Problem statement: Once you find the line with "最新消息:一房一价表发布!奉" in the entries below, print it and each line after it up to and including the line with "Son point fort", exactly, without pictures.

Data for this task:

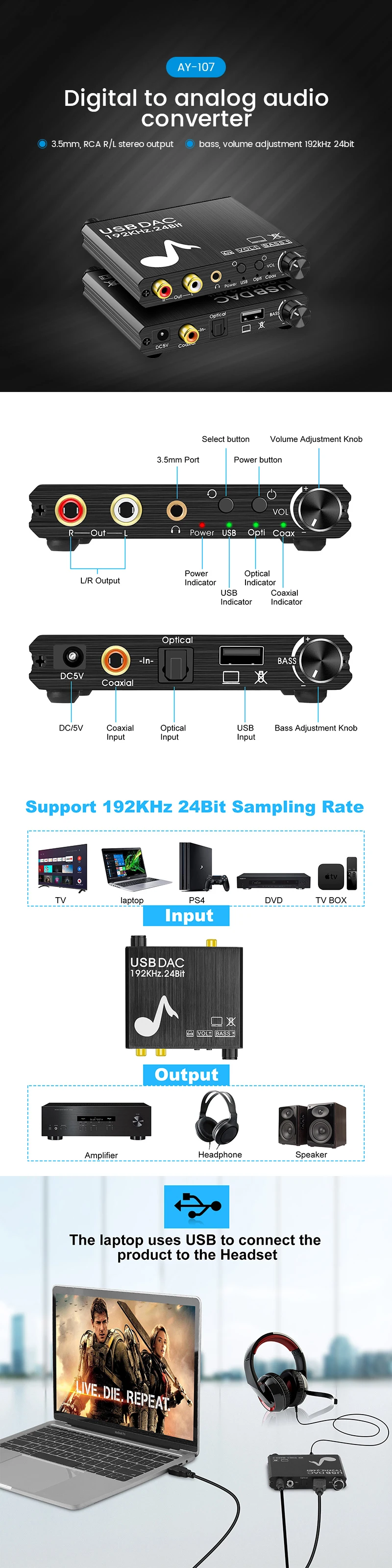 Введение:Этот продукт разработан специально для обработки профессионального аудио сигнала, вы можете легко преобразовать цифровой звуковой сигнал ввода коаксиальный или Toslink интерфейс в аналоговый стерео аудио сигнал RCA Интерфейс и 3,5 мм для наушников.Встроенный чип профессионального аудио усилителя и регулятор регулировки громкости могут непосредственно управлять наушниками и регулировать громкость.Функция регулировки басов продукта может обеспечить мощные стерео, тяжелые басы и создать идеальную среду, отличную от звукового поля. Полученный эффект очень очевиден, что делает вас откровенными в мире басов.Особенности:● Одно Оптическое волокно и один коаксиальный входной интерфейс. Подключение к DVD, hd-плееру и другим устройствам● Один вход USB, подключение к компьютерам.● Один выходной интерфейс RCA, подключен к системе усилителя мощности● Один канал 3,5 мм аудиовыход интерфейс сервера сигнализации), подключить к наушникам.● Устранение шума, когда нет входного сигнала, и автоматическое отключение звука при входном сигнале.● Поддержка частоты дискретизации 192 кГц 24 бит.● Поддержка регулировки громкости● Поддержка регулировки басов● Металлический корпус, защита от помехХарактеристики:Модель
...
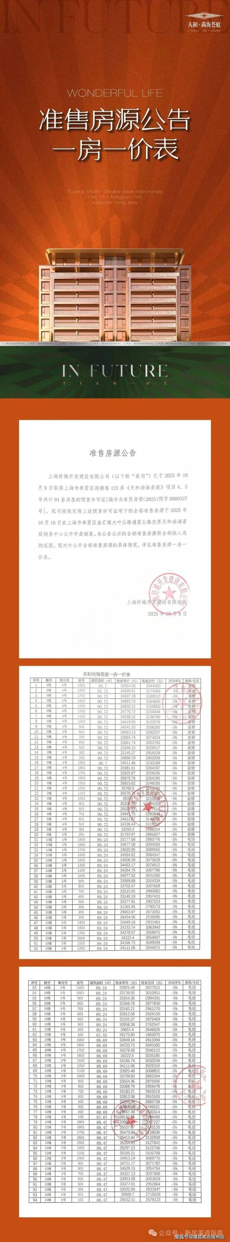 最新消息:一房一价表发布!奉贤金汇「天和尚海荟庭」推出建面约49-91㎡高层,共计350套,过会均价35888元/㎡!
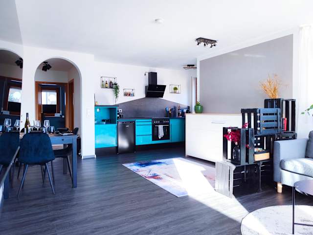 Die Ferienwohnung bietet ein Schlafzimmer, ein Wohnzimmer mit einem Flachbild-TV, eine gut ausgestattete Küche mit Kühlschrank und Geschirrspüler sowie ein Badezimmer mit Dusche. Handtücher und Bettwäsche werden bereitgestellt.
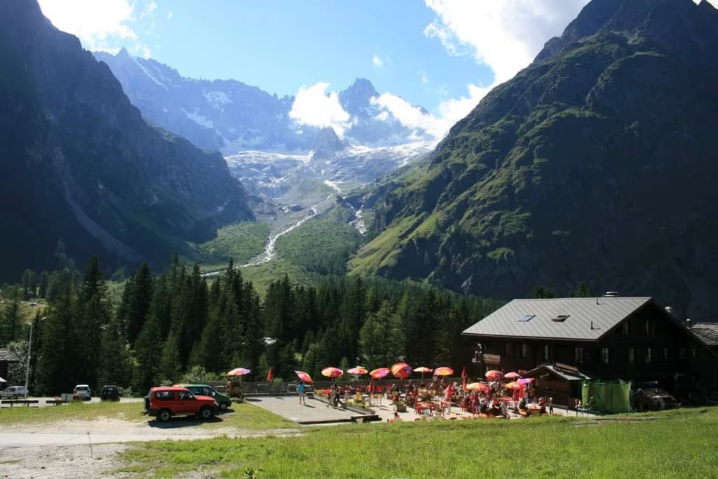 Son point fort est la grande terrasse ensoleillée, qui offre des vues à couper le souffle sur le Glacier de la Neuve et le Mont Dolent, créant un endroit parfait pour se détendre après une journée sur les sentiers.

Answer below:
 最新消息:一房一价表发布!奉贤金汇「天和尚海荟庭」推出建面约49-91㎡高层,共计350套,过会均价35888元/㎡!
 Die Ferienwohnung bietet ein Schlafzimmer, ein Wohnzimmer mit einem Flachbild-TV, eine gut ausgestattete Küche mit Kühlschrank und Geschirrspüler sowie ein Badezimmer mit Dusche. Handtücher und Bettwäsche werden bereitgestellt.
 Son point fort est la grande terrasse ensoleillée, qui offre des vues à couper le souffle sur le Glacier de la Neuve et le Mont Dolent, créant un endroit parfait pour se détendre après une journée sur les sentiers.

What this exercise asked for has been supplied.